[Dataset items]
* * * *

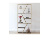Золотой металлический стеллаж ARNETTA с полками из натурального камня привлекает внимание элегантным дизайном и функциональностью. Стальной каркас обеспечивает прочность и надежность предмета интерьера.
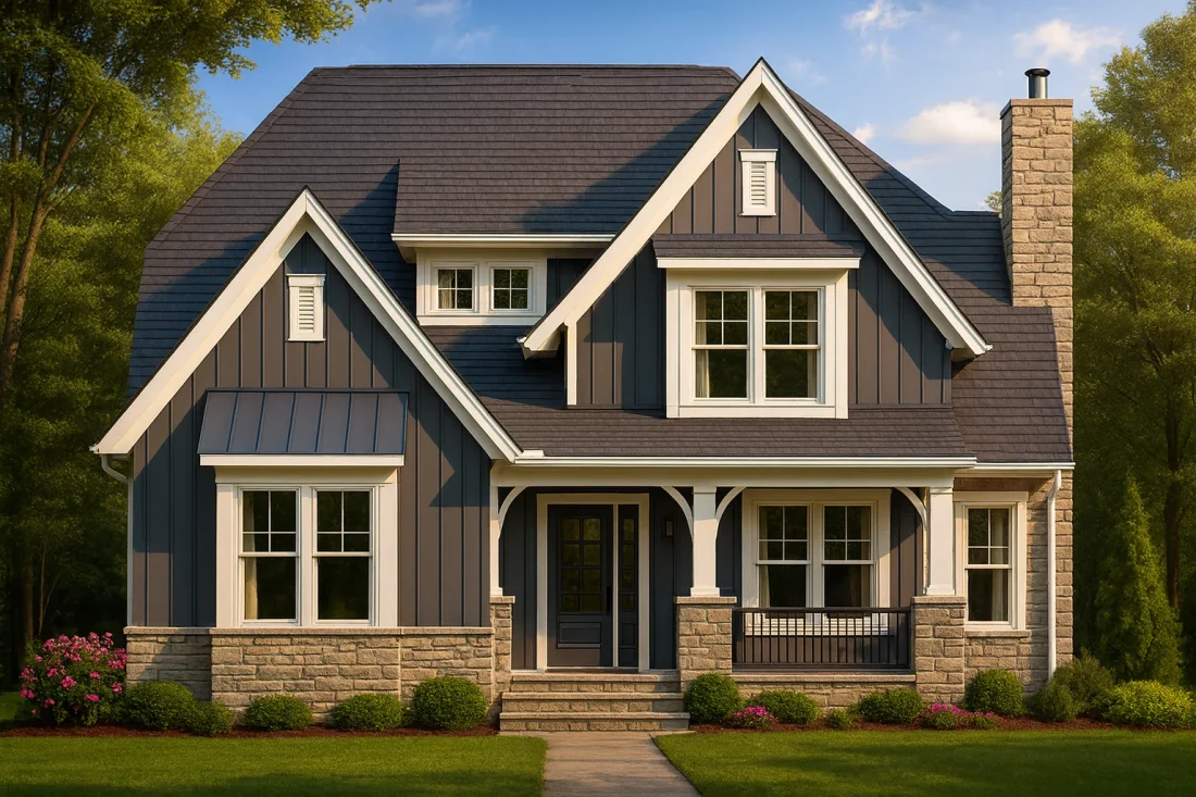 - Classic board and batten siding gives vertical texture and modern contrast.
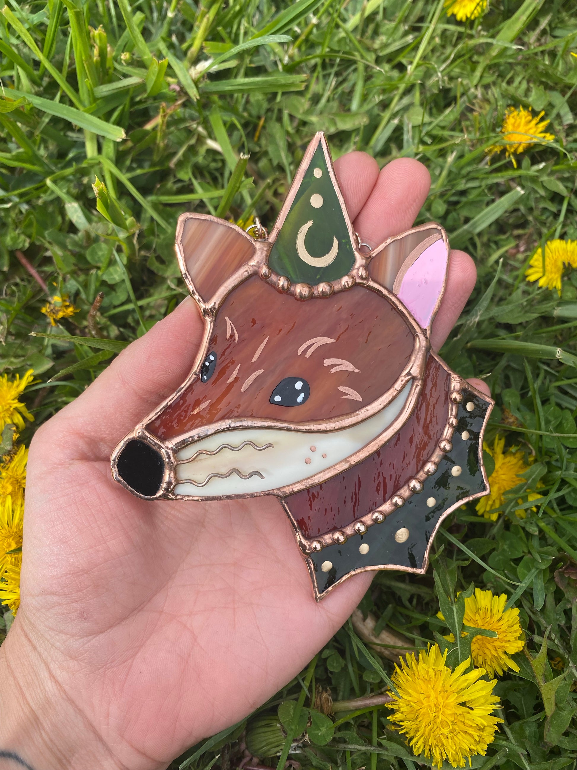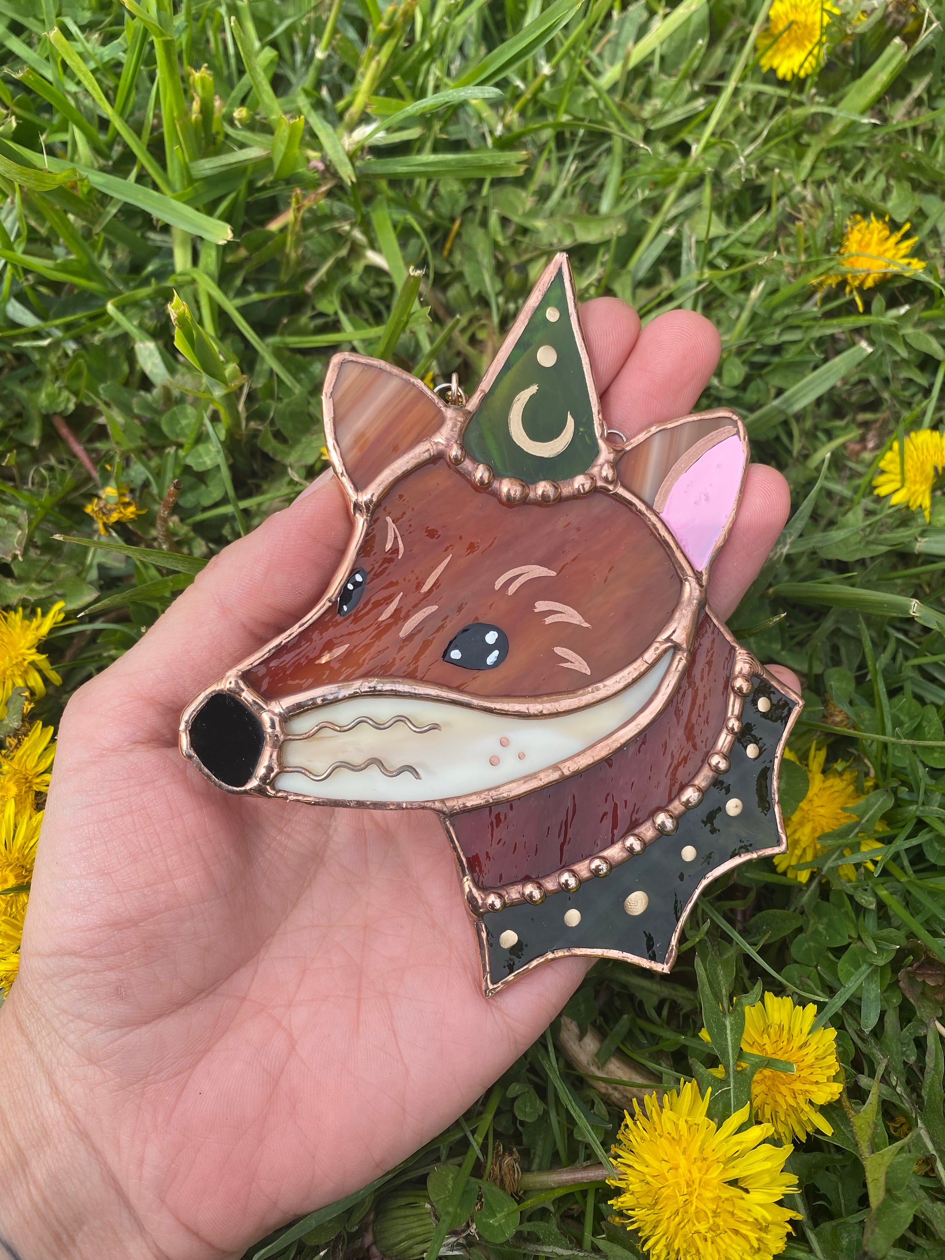 Dark Green Mini Wizard Fox Stained Glass Suncatcher
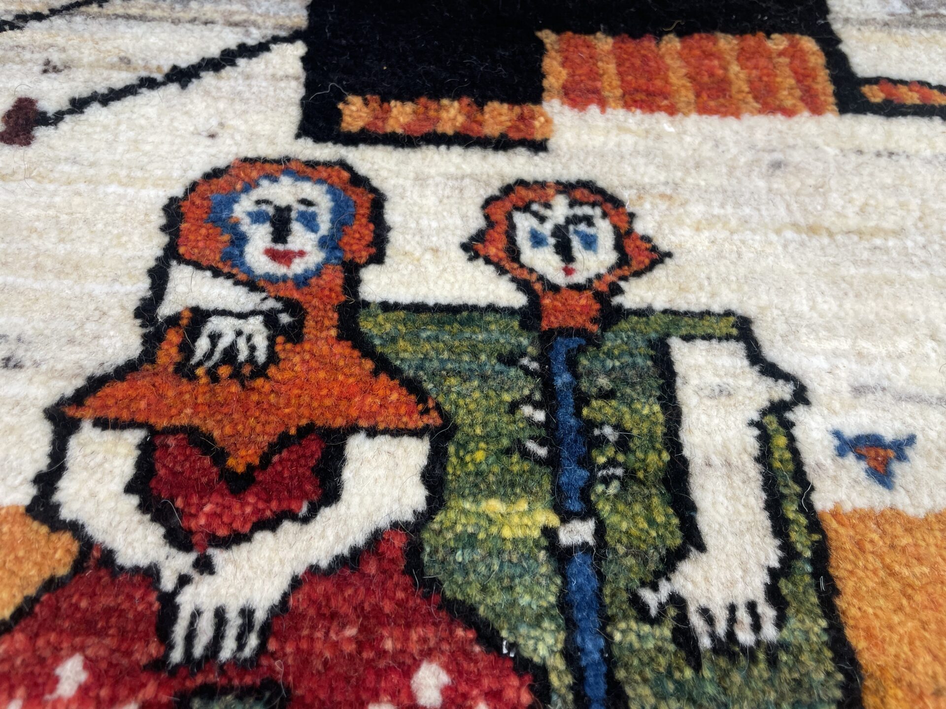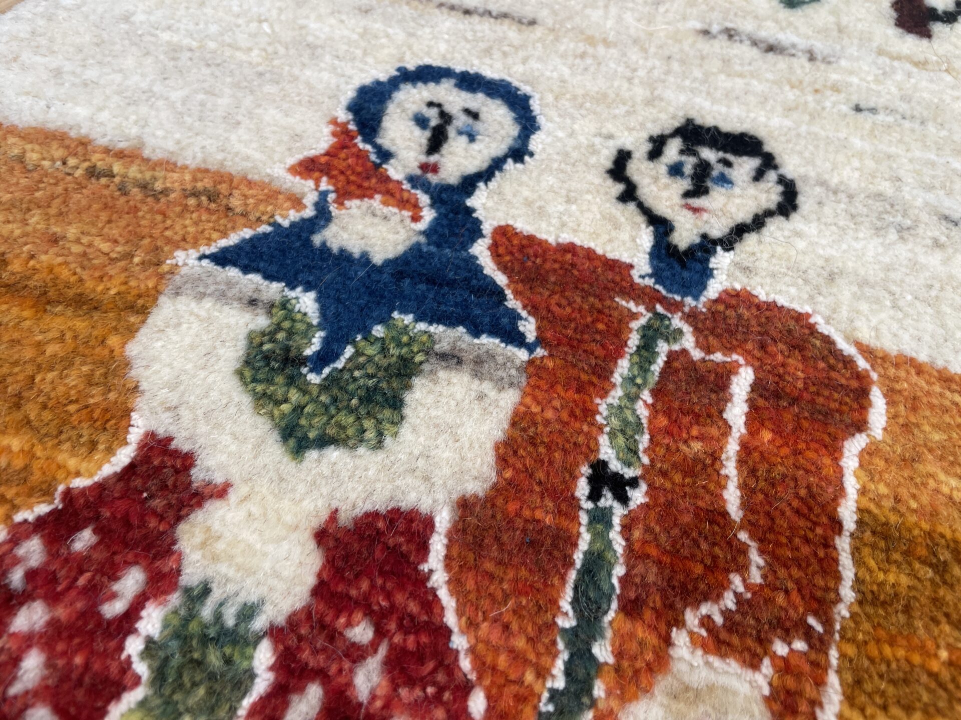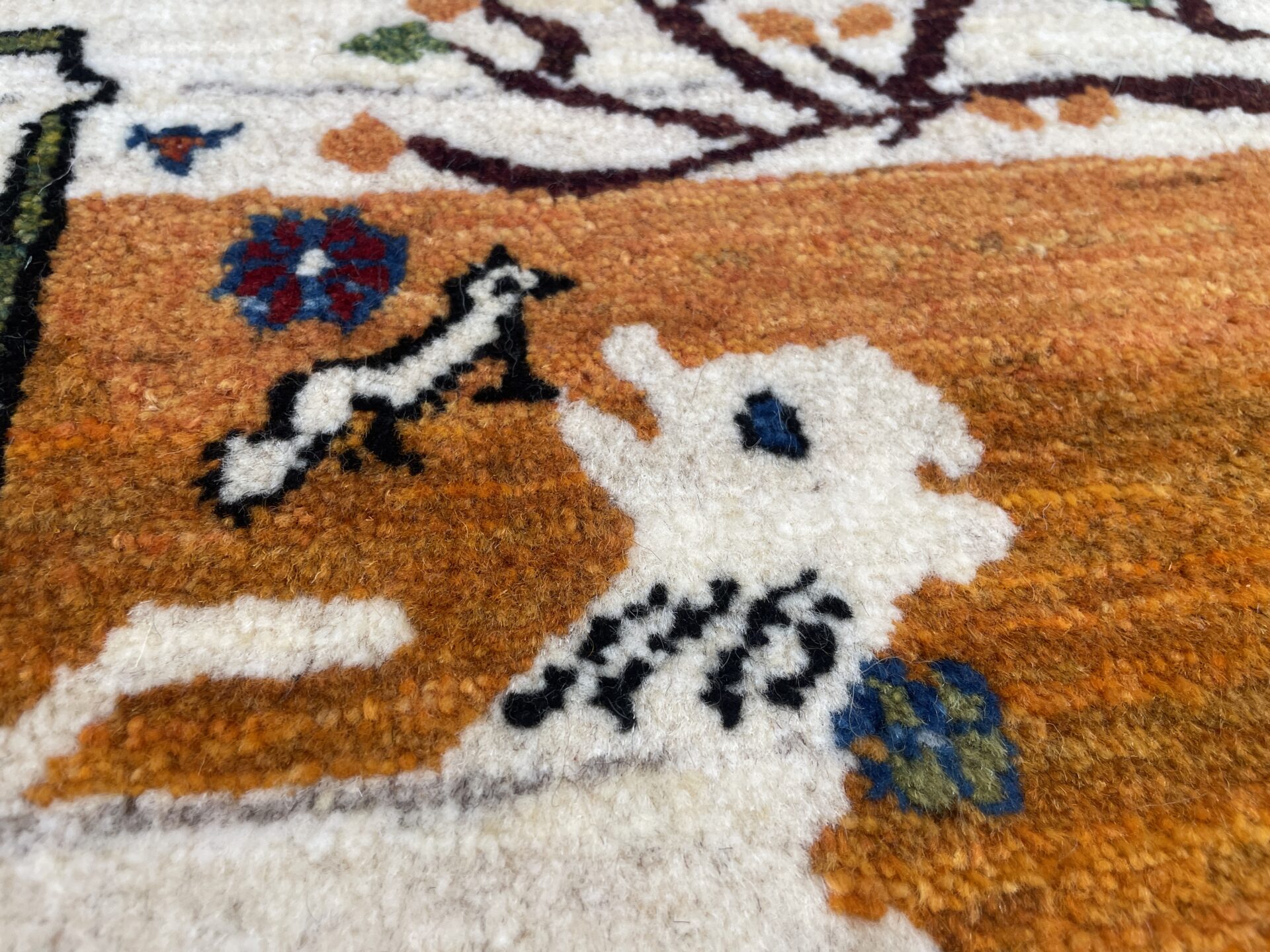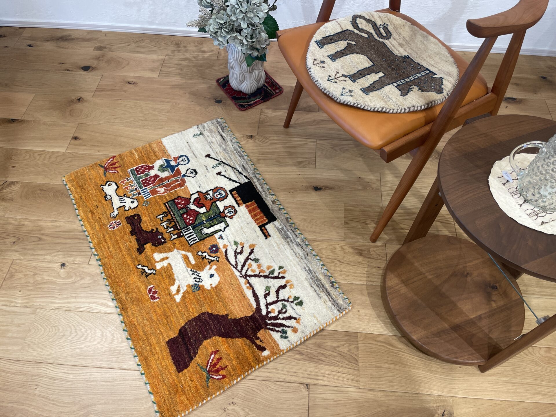 「生命の樹」に見守られた家族と羊たち、そしてテントが描かれ、遊牧民の生活が一枚の絨毯の上に広がった一枚。
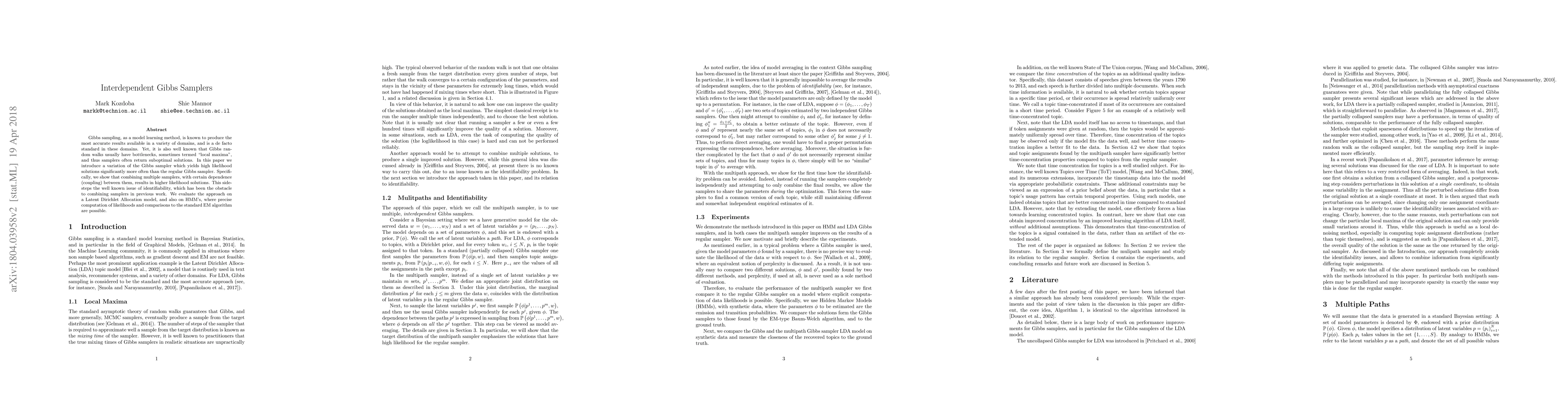This paper proposes an interdependent Gibbs sampler that combines multiple Gibbs samplers with coupling to achieve higher likelihood solutions more frequently than traditional Gibbs sampling. The method addresses the issue of identifiability, allowing for effective combination of samplers, and is demonstrated on Latent Dirichlet Allocation and HMM models.
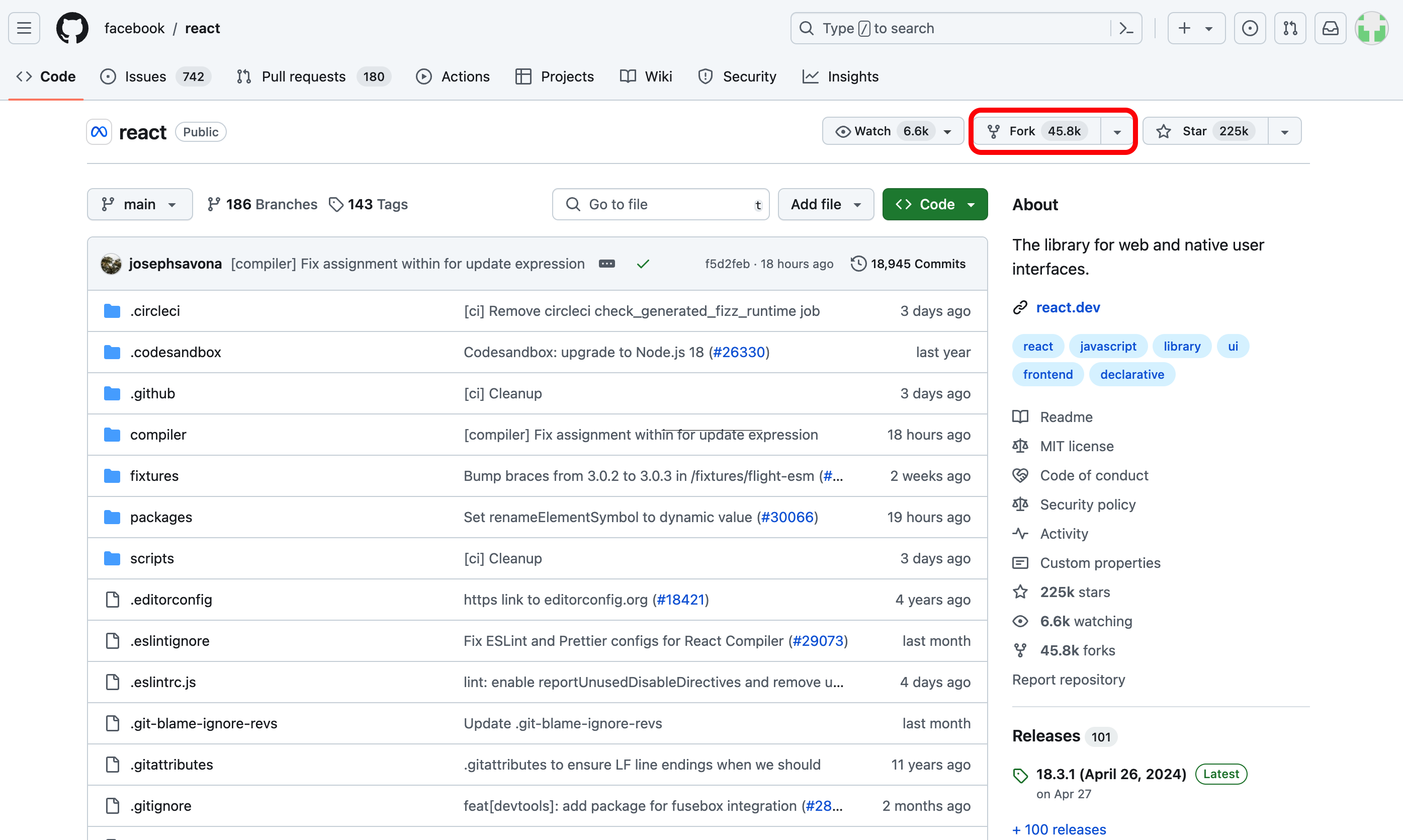 💡 그럼 fork쓰지 말고 clone쓰면 되지 않음? → 기여 권한이 없을 경우 fork한 다음에 pr을 보내 관리자들이 변경된 부분을 보고 리뷰, 승인으로 원본 프로젝트에 기여를 진행할 수 있다.
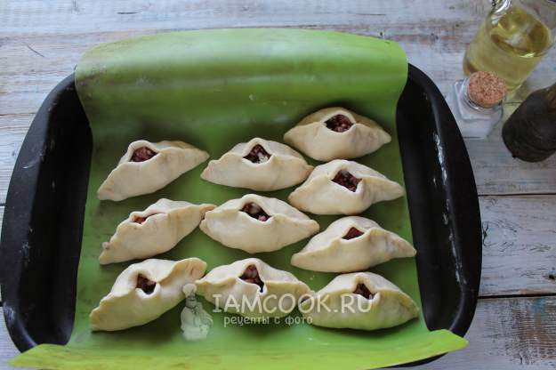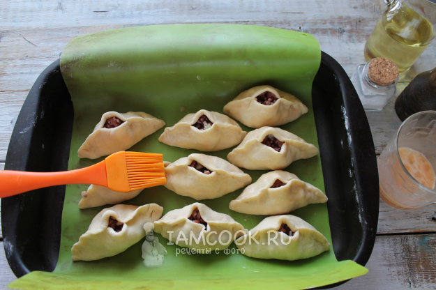 Смажьте взбитым яйцом и отправьте в духовку: я ставлю в холодную, постепенно довожу температуру до 180 градусов. По мере нагрева пирожки поднимутся.

* * * *

» **Problem**:
Omit the pictures and set down the records exactly.

» **Response area**:
Золотой металлический стеллаж ARNETTA с полками из натурального камня привлекает внимание элегантным дизайном и функциональностью. Стальной каркас обеспечивает прочность и надежность предмета интерьера.
 - Classic board and batten siding gives vertical texture and modern contrast.
 Dark Green Mini Wizard Fox Stained Glass Suncatcher
 「生命の樹」に見守られた家族と羊たち、そしてテントが描かれ、遊牧民の生活が一枚の絨毯の上に広がった一枚。
This paper proposes an interdependent Gibbs sampler that combines multiple Gibbs samplers with coupling to achieve higher likelihood solutions more frequently than traditional Gibbs sampling. The method addresses the issue of identifiability, allowing for effective combination of samplers, and is demonstrated on Latent Dirichlet Allocation and HMM models.
 💡 그럼 fork쓰지 말고 clone쓰면 되지 않음? → 기여 권한이 없을 경우 fork한 다음에 pr을 보내 관리자들이 변경된 부분을 보고 리뷰, 승인으로 원본 프로젝트에 기여를 진행할 수 있다.
 Смажьте взбитым яйцом и отправьте в духовку: я ставлю в холодную, постепенно довожу температуру до 180 градусов. По мере нагрева пирожки поднимутся.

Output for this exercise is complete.